Tuesday, September 27, 2016

Zero Points

From time to time on you strolls through your midtown residential neighborhood, you come  upon a series of hieroglyphics, spray painted on the street or surrounding curbing, a combination of blue and red letters and numbers, at once mysterious and reminiscent of your younger days, when almost any excuse for a treasure map would do.

These graffiti remain for about a week, whereupon the surrounding area is barricaded, strange vehicles with insect-like protuberances scurry about the street, and a cadre of men, many of whom carry clip boards, stand about in small clots, swearing, pointing, and adjusting their hard hats against the overhead sun.

Thee crews arrive, by your reckoning, at seven, often carrying steaming cups of coffee. Were you to return around noon or one, you'd find odd-shaped trenches, exposing the various layers of soil, sand, gravel, and even traces of the previous paving surfaces that make up the city's thoroughfares. 

Such visions remind you of a high school class in physiology, where an earnest teacher with a French accent tried to impress upon you the need for memorizing the names of the layers of skin, ancillary to recognizing their varied appearances. This made sense to a dear friend and classmate, who already knew he wished to be a doctor. 

You, who wished to become a writer, could see no value in memorizing layers of skin, devoting your efforts instead to memorizing Shakespeare's Sonnet No. 18. This did not do well for you in physiology tests, but what girl could resist being compared to a summer's day? Or, once again, so you thought at the time.

Were you to return to the area at 3:30, the hour when all city- and state-funded construction operations ceased, you'd find the hieroglyphics and trenches gone, replaced by some matte-finish black conglomerate, reminding you this time of visits to dentists, who seemed determined to do to previous excavations what had been done in the streets, replacing them with a smoother, more durable protective finish.

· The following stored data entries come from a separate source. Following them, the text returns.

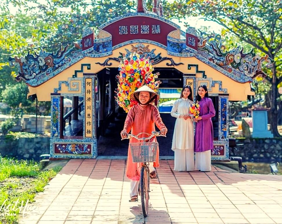 Những địa điểm du lịch miễn phí ở Huế - Tạo dáng chụp ảnh ở làng hương Thủy Xuân (@Khám phá Huế)
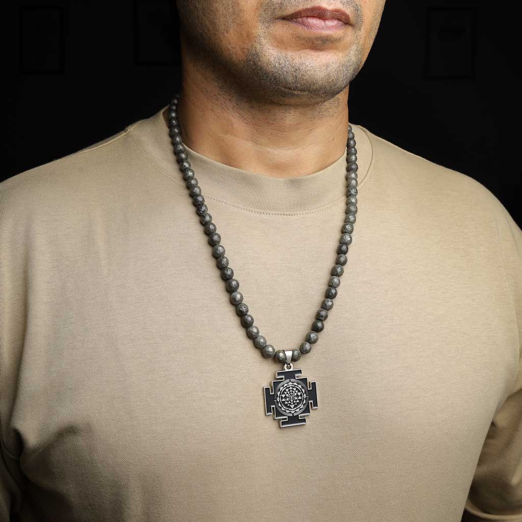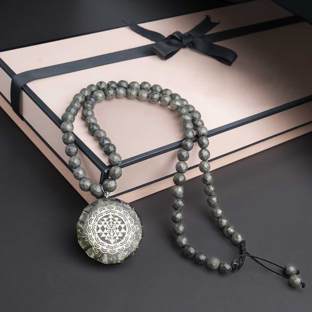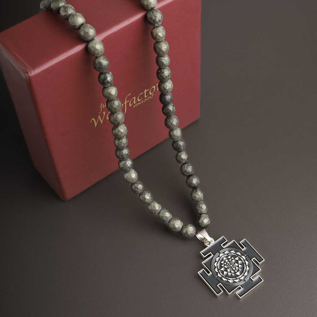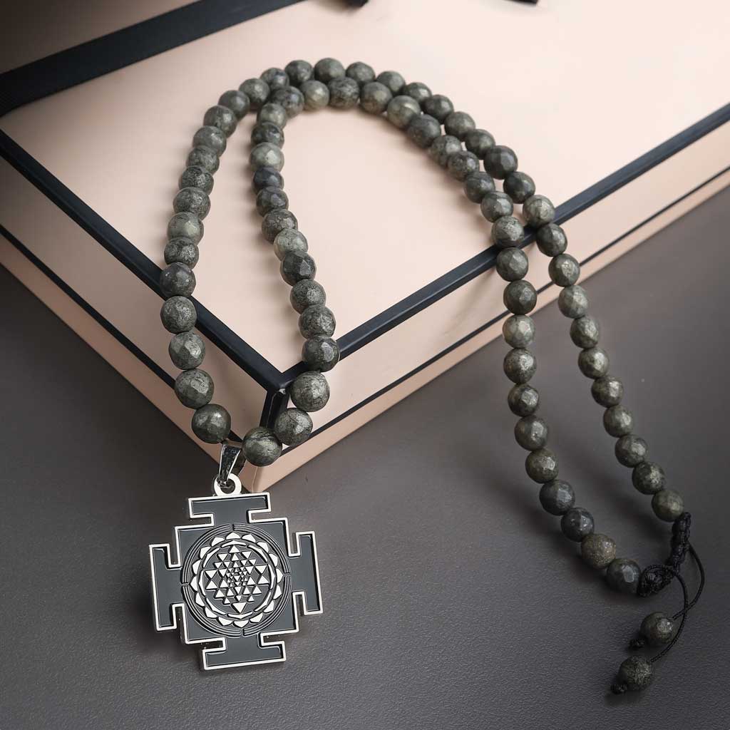 The Wealth Raising Sriyantra Pendant Pyrite Mala
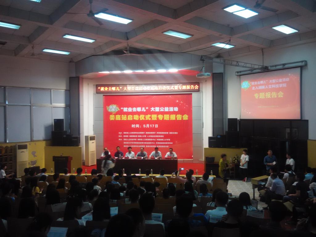 5月17日下午2:30,由湖南省人力资源和社会保障厅、湖南省教育厅等主办,beat365中文官方网站、湖南省人力资源服务中心等承办的“就业去哪儿”大型公益活动娄底站启动仪式暨专题报告会在匠成楼报告厅举行,我院王东光副书记、蒋全顺老师及16位学生代表出席了本次启动仪式。

Not long ago, you came upon a man who was applying such hieroglyphics to the street, a spray can of red in his right hand, with which he applied a series of numbers, and a spray can of blue paint, with which he'd earlier drawn two arrows. Overcoming your impulse to ask the man if he'd nourished dreams of becoming another Banksy, you reflected a sincere curiosity about his part in the decision tree whereby a zit or other flaw was reported, brought to official notice, then plans were scheduled for what the man called "a resurface."

As to the numbers and symbols, the mention of them required your non-Banksy to remove his hard hat, wipe his brow, and reflect on surveyor's transits, and such arcana as plate levels, meets and bounds, add tapes, and fucking zero points, which you supposed held some special pain for your informant. You were introduced to any number of terms, and then told that Santa Barbara was about as fucked up as a city could be as a consequence of some nineteenth-century surveyors having an overly familiar relationship with sour mash bourbon.

Such urban mythology and, credit where credit is due, legends stir your heart, and for as long as he was willing, you listened to your man. Not saying, he said, that other cities aren't a surveyor's nightmare, but you take yourself to Utah, where them LSD folks--"You mean LDS," you said.  Whatever. They know how to lay out a city. They got their aliquots separate from their bark scribes, and you sure don't see them blazing.

The better part of five minutes passed, while you were buried under a flurry of surveying terms and concepts, interrupted by another man, with a clip board and a chewed-upon cigar, who wondered, You gonna finish up over there so we can get to Dunkin' Donuts?

You did get the story from him, since he sensed you were not anything you shouldn't be, that more than once, a wrong hole had been excavated, re-packed, and resurfaced. This gave you the rest of your walk to consider the existential meaning of not being what you shouldn't be.

The best you could do was recall times when, as an editor, you'd made editorial hieroglyphics on a manuscript. With no recourse to sour mash bourbon, these were misinterpreted by a writer, who, in effect, resurfaced after laying bare the thoroughfares that make up a manuscript.